Не буду даже сейчас, спустя годы, выдавать страшенные государственные тайны и рассказывать, как проходили редакционные планёрки, притом – экстренные. Через двадцать минут мы разбрелись по своим кабинетам-камерам с заданием огромной политической важности: организовать по два искренних отклика от скорбящих советско-барановских тружеников. Притом – вот самая трудность! – один отклик обязательно должен быть из глубинки, от простого работяги.

Я знал, что, например, Люся Украинцева уже через пяток минут сочинит свои отклики, как она сочиняет большинство писем о несчастной, якобы, любви и грустном одиночестве, печатаемые в нашей газете и подписанные – Оксана Н. или Марина С. Мне тоже не составило бы труда накропать двадцать кратких строк от лица мифического механизатора Ивана Сидорова из Гавриловки, но, увы, никак не мог я приловчиться скручивать свою дурацкую натуру, откровенно и стопроцентно халтурить. Я научился лишь полухалтурить.

С первым псевдооткликом я справился довольно быстро. Шустро заготовив болванку, я звякнул завотделом пропаганды обкома комсомола Дурыкину, нашему с Андреем куратору.

– Скорбишь?

– Скорблю.

– Фамилиё твоё поставлю?

– Ставь.

– Текст-то хоть послушай.

– Да брось ты!

– Нет-нет, послушай, на всякий пожарный:

Наша страна понесла тяжёлую утрату. Ушёл из жизни верный сын партии и рабочего класса, продолжатель дела В. И. Ленина. Под его руководством советский народ добился больших …бед в коммунистическом строительстве…

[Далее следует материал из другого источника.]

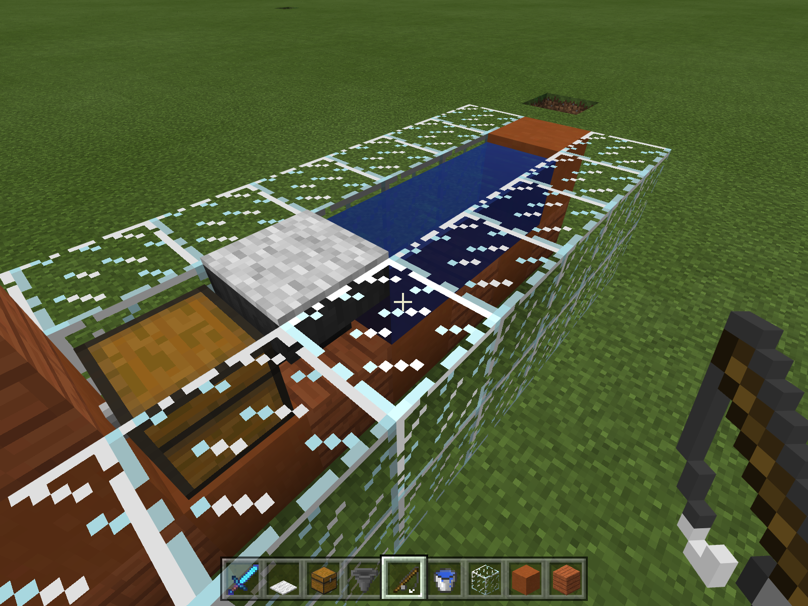 This setup allowed me to collect fishing rewards in the chest without having to move them there myself, by me standing on the top most block, the caught item/fish would get collected by the hopper and sent to the chest.
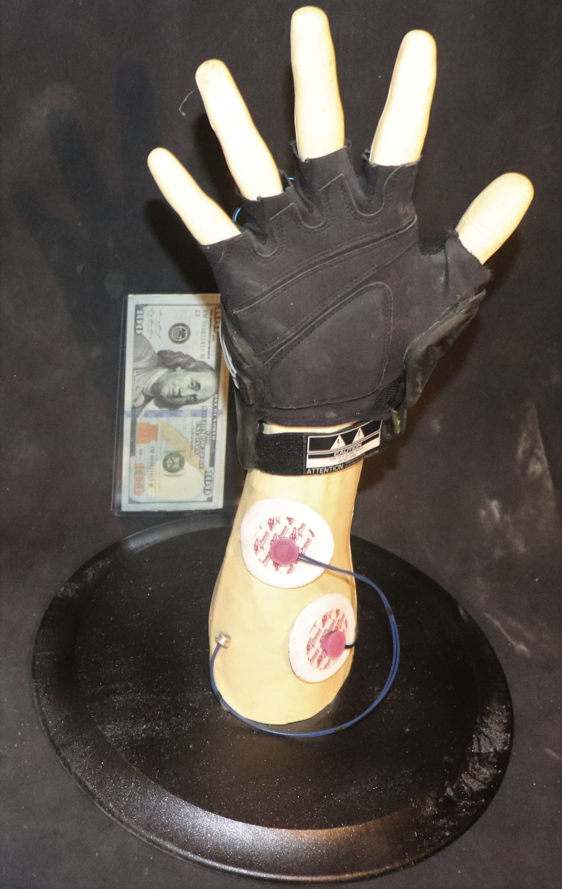 Prototype glove on arm casting of Sebastian Stan, mounted on base so instant gratification out of the box!
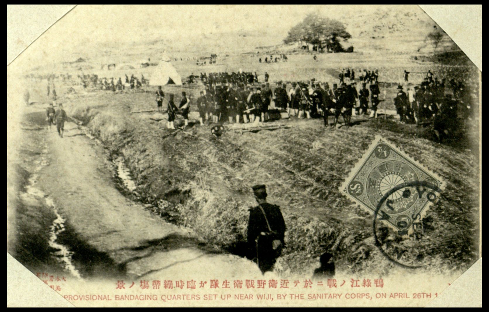 The provisional bandaging quarters set up near Wiji, by the sanitary corps, on april 26th 1904 |
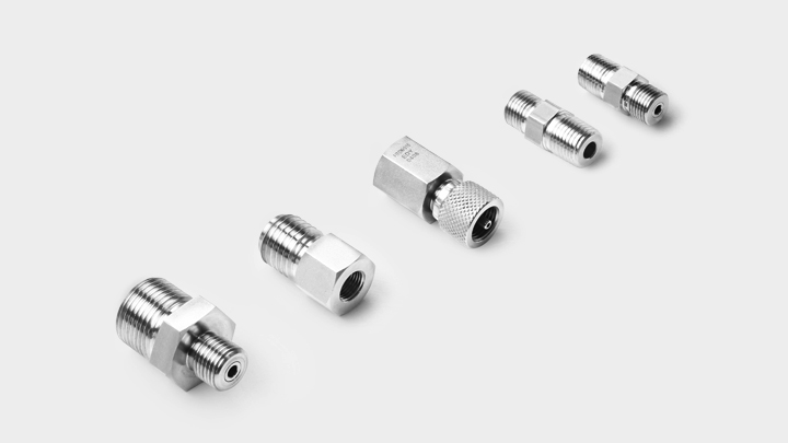 QT 系列测试接头,不带阀的接头工作压力可达 345 bar (5000 psig), 带阀的接头工作压力可达 207 bar (3000 psig)。HQT 系列高压测试接头,工作压力可达 690 bar(10000 psig)。端接材料有 316 不锈钢和 304 不锈钢可选,工作温度与密封圈相关,氟橡胶 (FKM) 密封从-23°C 至 204°C (-10°F 至 400°F), 丁腈橡胶 (NBR) 密封从 -23°C 至 121°C (-10°F 至 250°F),不同规格还有单向阀和保护帽可供选择。

Я отдолдонил весь текст, Дурыкин поддакивал, не расслышав проскользнувшее «бед» вместо «побед». Эх, если б вот так и дать в газету – всё равно никто читать не будет. Но я уже учёным был – обжигался, так что со вздохом пририсовал приставку «по», исказив истину.

Готово!

А вот с глубинкой пришлось повозиться. В районы дозваниваться надо было через барышень, которые, приняв заказ, забывали о нём напрочь. Я застолбил на всякий случай сразу три района и настропалился всё же рискнуть – прогалопировать аллюром до пивной. Но тут неугомонный Филькин затребовал меня к себе и озадачил новым спецзаданием: раскопать в редакционном архиве подшивку областной молодёжки за 1953-й год, которая называлась тогда «Юный сталинец». Ответсек наш явно вознамерился слямзить-сплагиатничать макет траурного номера газеты.

Короче, к концу дня, когда впёрлась ко мне наша редакционная машинистка Фёдоровна – оплывшая востроглазая женщина давно уже некомсомольских лет, – я сидел на своём стуле взвинченный, измотанный и встопорщенный донельзя. Фёдоровне же, сплетнице, хотелось почесать свой вёрткий язык. Она удобно укопошилась в кресле для посетителей, запричитала-заохала:

– Надо же! Вишь ты, горюшко-то какое! И кто бы мог подумать!..

– Какое такое «горюшко»? – буркнул мизантропно я.

– Как какое?! – выпучила лисьи свои глаза старая лахудра. – Шутишь ты, Вадим, ни то? Леонид Ильич…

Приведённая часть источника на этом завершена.